An upper-interval covers the upper x% of the probability mass and can be defined as an interval from $(y, \infty)$, where $y$ acts as a lower-bound. A visual is shown below for an upper 90% confidence interval.
#make some points for plot
N = 5
x = np.linspace(-5,5, 1000)
T = ss.t.ppf(0.10, df=N-1)
y = ss.t.pdf(x, df=N-1)
plt.plot(x,y)
plt.fill_between(x, y, where= x > T)
plt.text(0,np.max(y) / 3, 'Area=0.90', fontdict={'size':14}, horizontalalignment='center')
plt.axvline(T, linestyle='--', color='orange')
plt.xticks([T], ['lower-bound'])
plt.yticks([])
plt.ylabel(r'$p(\mu - \bar{x})$')
plt.xlabel(r'$\mu - \bar{x}$')
plt.show()
A lower interval covers the lower x% of probability mass.
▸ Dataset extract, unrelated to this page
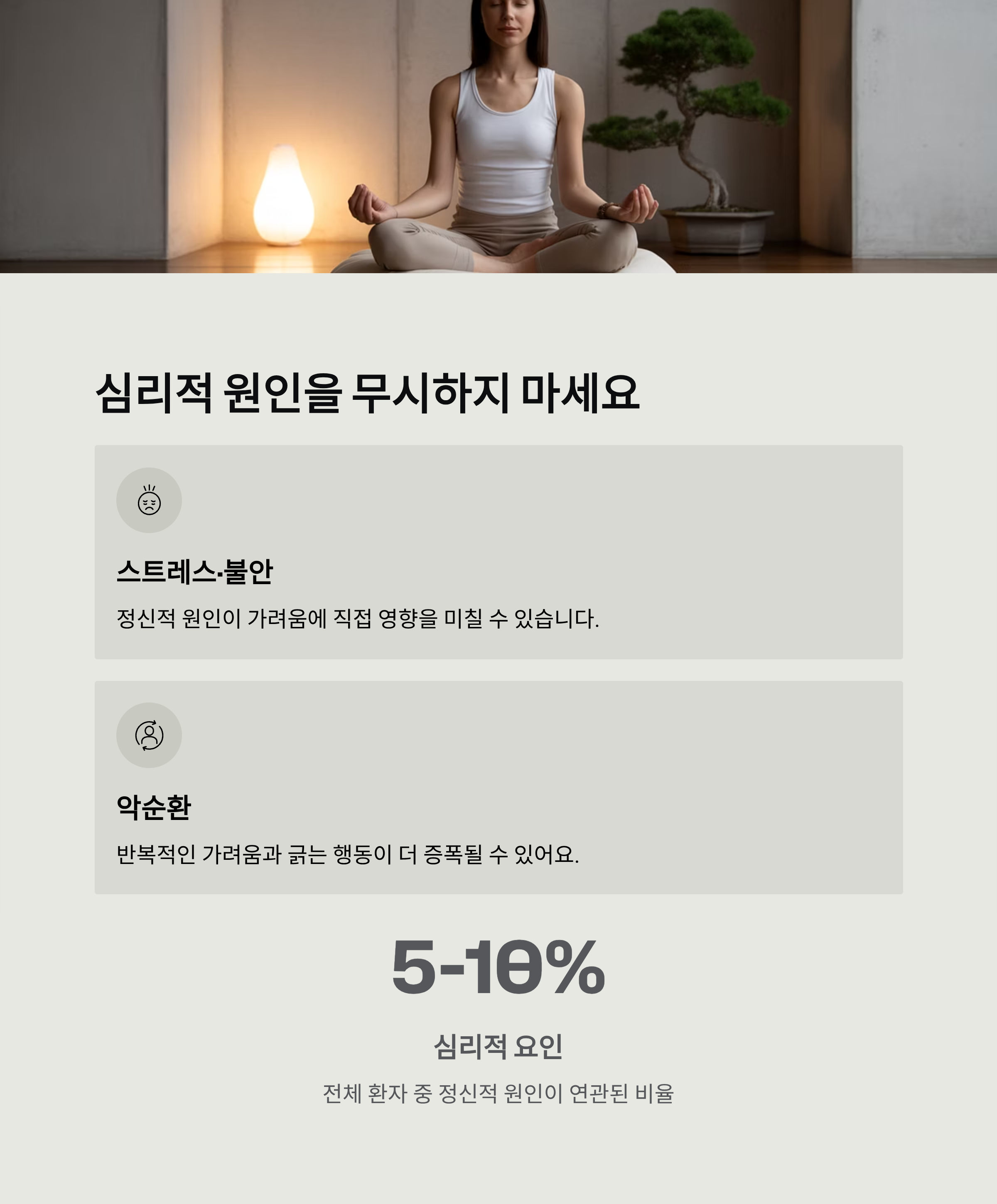 전체 환자의 5~10%는 이런 심리적 요인이 연관되어 있었고, 특히 반복적인 가려움과 긁는 행동이 더 증폭될 수 있습니다.

It is defined with an upper bound like so: $(-\infty, y)$. An example is below:
#make some points for plot
N = 5
x = np.linspace(-5,5, 1000)
T = ss.t.ppf(0.90, df=N-1)
y = ss.t.pdf(x, df=N-1)
plt.plot(x,y)
plt.fill_between(x, y, where= x < T)
plt.text(0,np.max(y) / 3, 'Area=0.90', fontdict={'size':14}, horizontalalignment='center')
plt.axvline(T, linestyle='--', color='orange')
plt.xticks([T], ['upper-bound'])
plt.yticks([])
plt.ylabel(r'$p(\mu - \bar{x})$')
plt.xlabel(r'$\mu - \bar{x}$')
plt.show()